(Dataset entries)
○ ○ ○ ○ ○
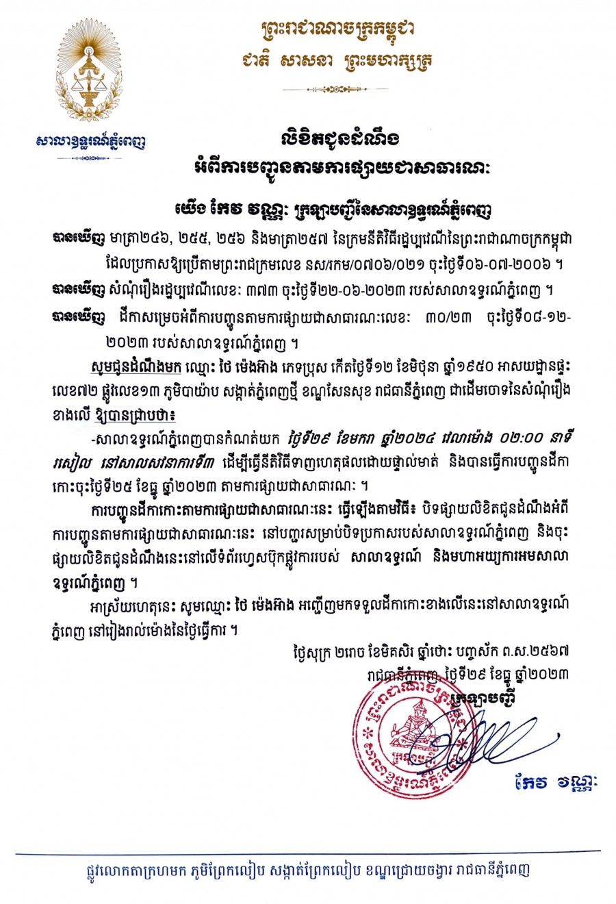 យើង កែវ វណ្ណៈ ក្រឡាបញ្ជីសាលាឧទ្ធរណ៍ភ្នំពេញ សូមជូនដំណឹងមកឈ្មោះ ថៃ ម៉េងអ៊ាង ភេទប្រុស កើតថ្ងៃទី១២ ខែមិថុនា ឆ្នាំ១៩៥០ មានអាសយដ្ឋានបច្ចុប្បន្នផ្ទះលេខ៧២ ផ្លូវលេខ១៣ ភូមិបាយ៉ាប សង្កាត់ភ្នំពេញថ្មី ខណ្ឌសែនសុខ រាជធានីភ្នំពេញ ជាភាគីដើមចោទនៃសំណុំរឿងលេខ ៣៧៣ ចុះថ្ងៃទី ២២ ខែមិថុនា ឆ្នាំ២០២៣ ឱ្យបានជ្រាបថា សាលាឧទ្ធរណ៍ភ្នំពេញបានកំណត់យកថ្ងៃទី២៩ ខែមករា ឆ្នាំ២០២៣ វេលាម៉ោង ០២ៈ០០នាទីរសៀល នៅសាលសវនាការទី៣ ដើម្បីធ្វើនីតិវិធីទាញហេតុផលដោយផ្ទាល់មាត់។
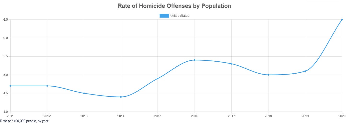 Certainly there has been a significant rise in violent crime in the United States, according to the FBI’s statistics.
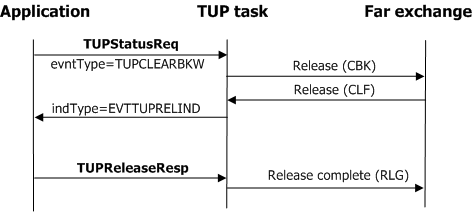 To clear an incoming connection, the application starts with TUPStatusReq and waits for TUPReleaseInd to return. The application can then answer with TUPReleaseResp. The following illustration shows the process by which the application performs incoming connection release:
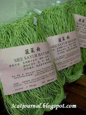 经过位于面档斜对面的陈金溢面家,被半手工制作,不含人造色素的菠菜面所吸引,忍不住买了几包作手信。
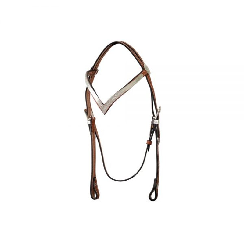 Testiera western Pool’s con frontalino a “V” e riporti argentati. Misura unica. Colori: Cuoio Naturale, Cuoio Ingrassato.
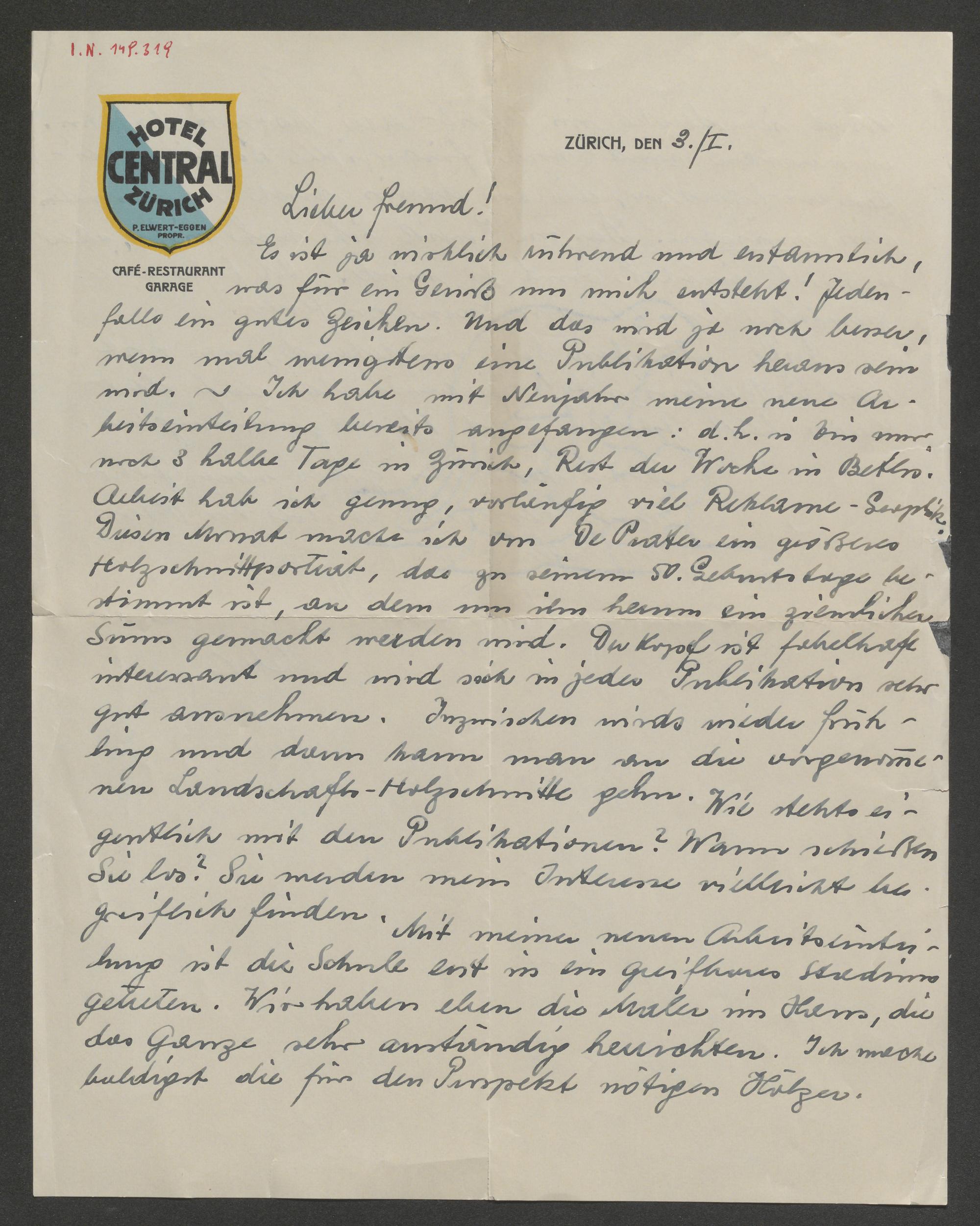 Brief an Arthur Roessler
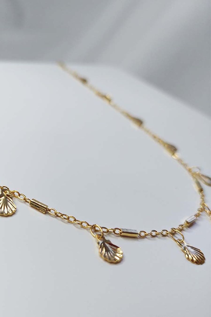 Este colar apresenta uma série de mini conchas ao longo da corrente, todas banhadas em ouro 18k. O design inspirado no mar adiciona um toque de frescor e naturalidade ao seu visual, tornando esta peça ideal para o verão ou para quem adora temas marítimos. Perfeito para um estilo descontraído e elegante.
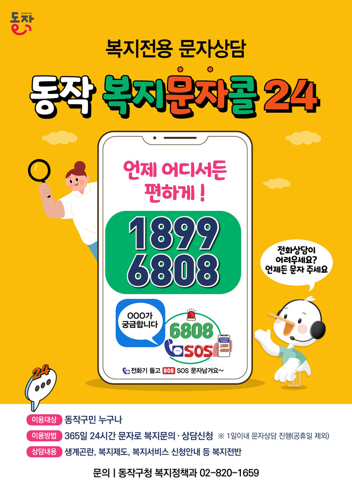 구는 오는 17일 구민 누구나 문자로 편하게 365일 24시간 복지상담을 신청할 수 있는 ‘동작 복지문자콜24’(이하 복지콜) 서비스를 전격 개시한다고 6일 밝혔다.
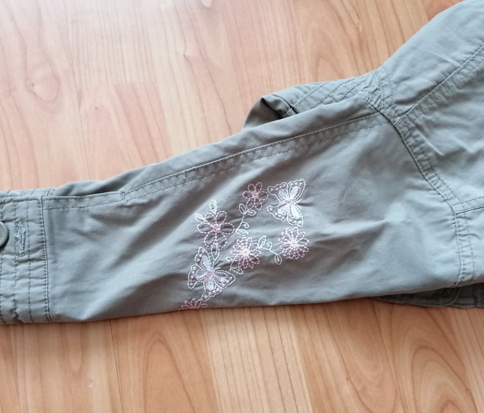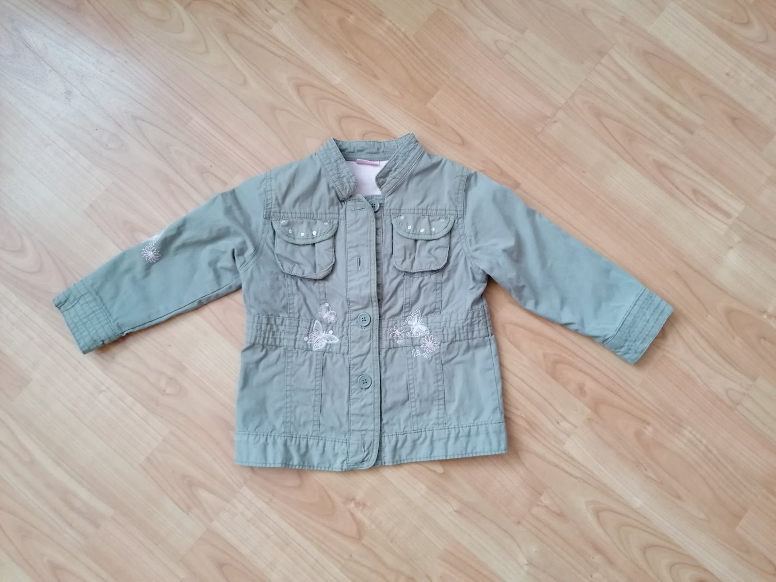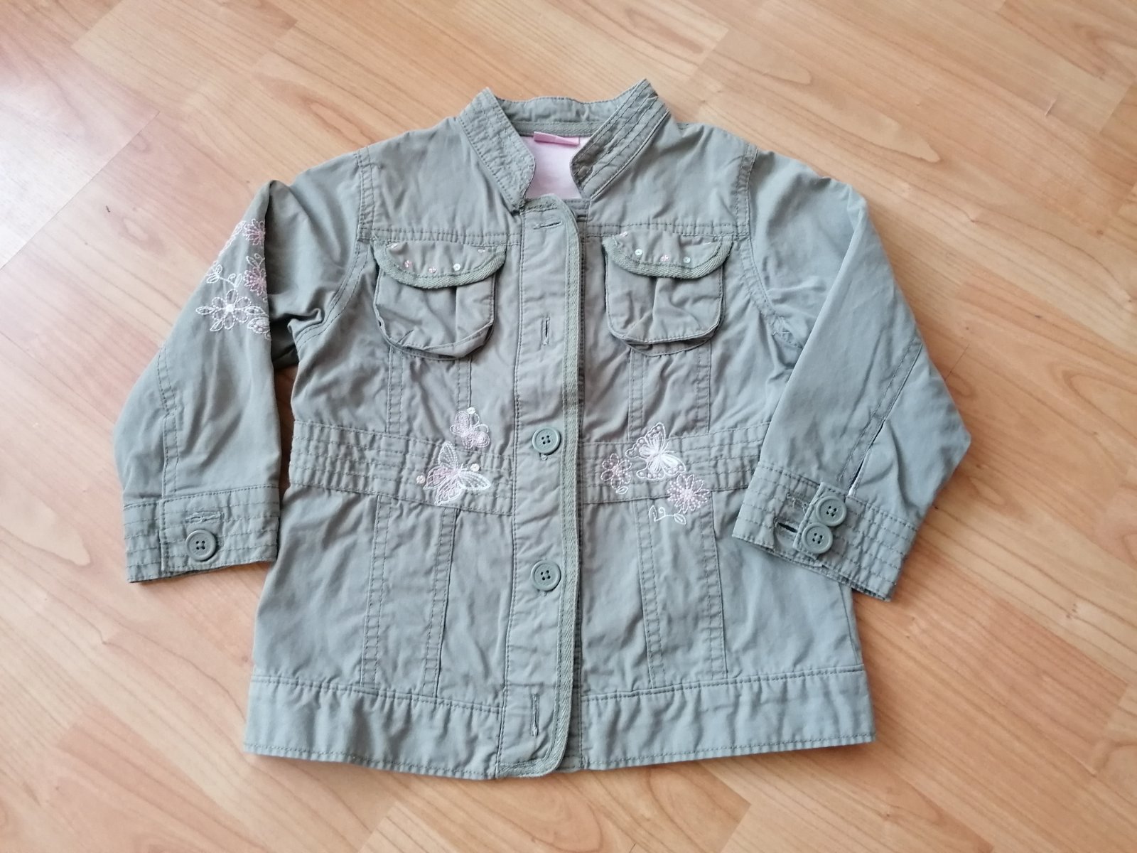 Dievčenská bunda na prechodné obdobie, nosená, stále v dobrom stave, zapínanie na gombíky, veľ. 110, zn. Cherokee. Dĺžka: 41 cm Šírka: 35 cm Dĺžka rukáva od krku: 45 cm Cena: 7 € + pošta
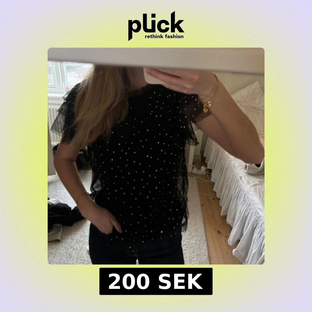 Säljer en svart blus med små diamant stenar på samt lite volanger på armarna. Endast använd en gång🫶🏼
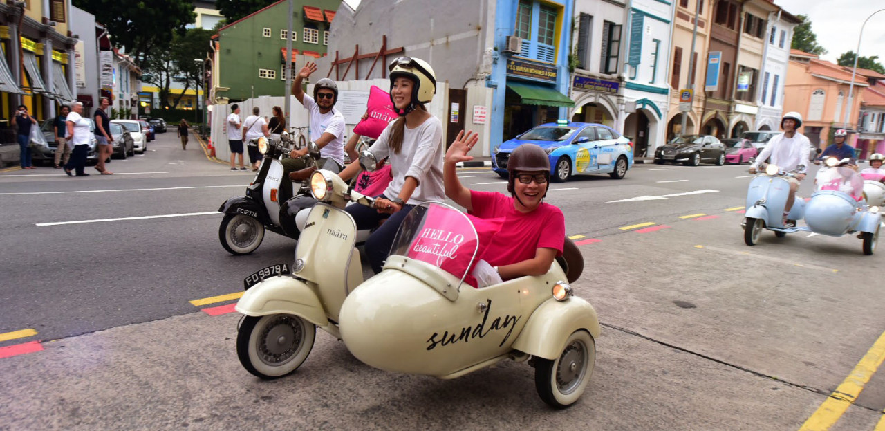 빈티지 베스파 사이드카를 타고 싱가포르의 명소와 소리, 맛을 가까이서 탐험할 수 있도록 설계된 독특한 경험을 선사하는 이색적인 트랙을 즐겨보세요. 싱가포르의 각기 다른 지역이 특징인 4가지 노선 중에서 선택하세요. 주요 문화유산 지역에 대해 알아보고, 역사적인 랜드마크를 지나고, 번잡함을 경험하고, 골목을 따라 내려가면서 현지의 보석 같은 명소를 발견하실 수 있습니다..
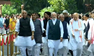Prime Minister Narendra Modi on Tuesday walked to the new Parliament building along with his cabinet colleagues,...
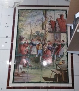 A complete Maypole interior is said to survive on Mersey Road in Widnes (present condition unconfirmed). Walls were often decorated with pictorial tile panels, some of which are still visible, notably a maypole scene in Ludlow (Church Street) and (unseen by the author) two arcadian scenes in Jesmond (Acorn Road). Maypole apparently commissioned tiles from several different firms in the inter-war period, including Pilkingtons. The Jesmond panels are signed ‘JE’.
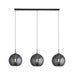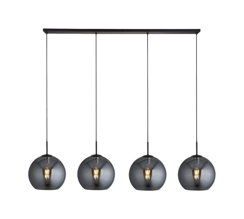Striking matt black framed bar with black braided cable (not clear as shown in image) and smoked glass globes. Height adjustable (see below for sizes). We recommend teaming this with a vintage filament lamp to give it a retro feel...
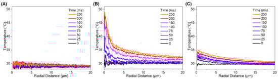 The time sequence of radial temperature profiles during laser irradiation. (A) The laser initially irradiated Al/THV/R6G film on a grating substrate with the absence of Al NP. Radial temperature profiles from the temperature maps of heated 120-nm Al NP supported on a (B) plasmonic grating and (C) flat silver substrates showing time-sequence before (at 0 ms) and during laser-induced heating.
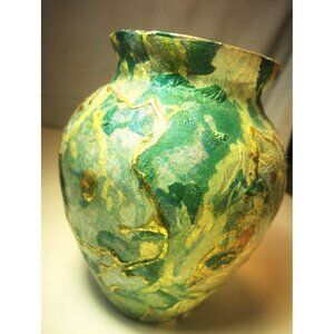 🌿 Handcrafted Decorative Vase with Floral Design - 7.5" Tall Vintage 🌿
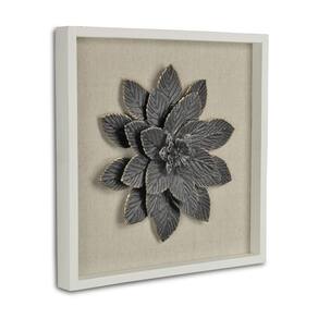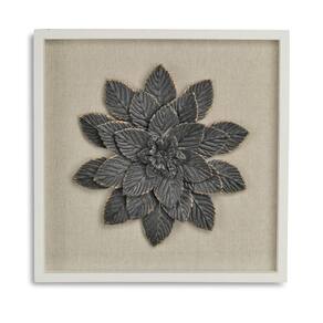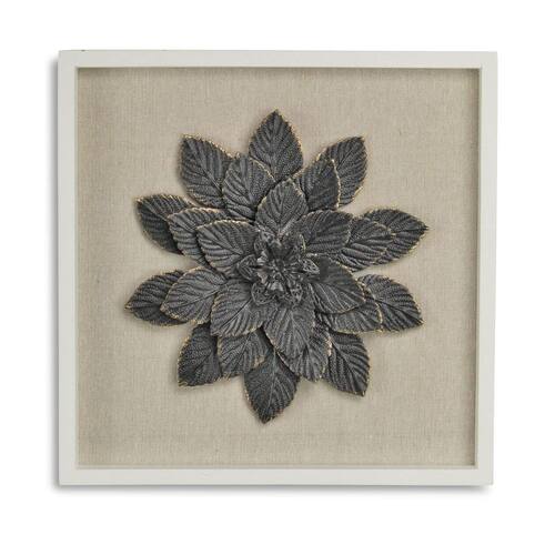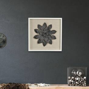 Decoração de parede com flor de metal preto Cheung com moldura de madeira, branca
○ ○ ○ ○ ○
[WORK ORDER]: All that is wanted is the lines above between the one containing "Certainly there has" and the one containing "Este colar apresenta", inclusive, restated word for word, with pictures omitted.

[EXERCISE OUTPUT]:
 Certainly there has been a significant rise in violent crime in the United States, according to the FBI’s statistics.
 To clear an incoming connection, the application starts with TUPStatusReq and waits for TUPReleaseInd to return. The application can then answer with TUPReleaseResp. The following illustration shows the process by which the application performs incoming connection release:
 经过位于面档斜对面的陈金溢面家,被半手工制作,不含人造色素的菠菜面所吸引,忍不住买了几包作手信。
 Testiera western Pool’s con frontalino a “V” e riporti argentati. Misura unica. Colori: Cuoio Naturale, Cuoio Ingrassato.
 Brief an Arthur Roessler
 Este colar apresenta uma série de mini conchas ao longo da corrente, todas banhadas em ouro 18k. O design inspirado no mar adiciona um toque de frescor e naturalidade ao seu visual, tornando esta peça ideal para o verão ou para quem adora temas marítimos. Perfeito para um estilo descontraído e elegante.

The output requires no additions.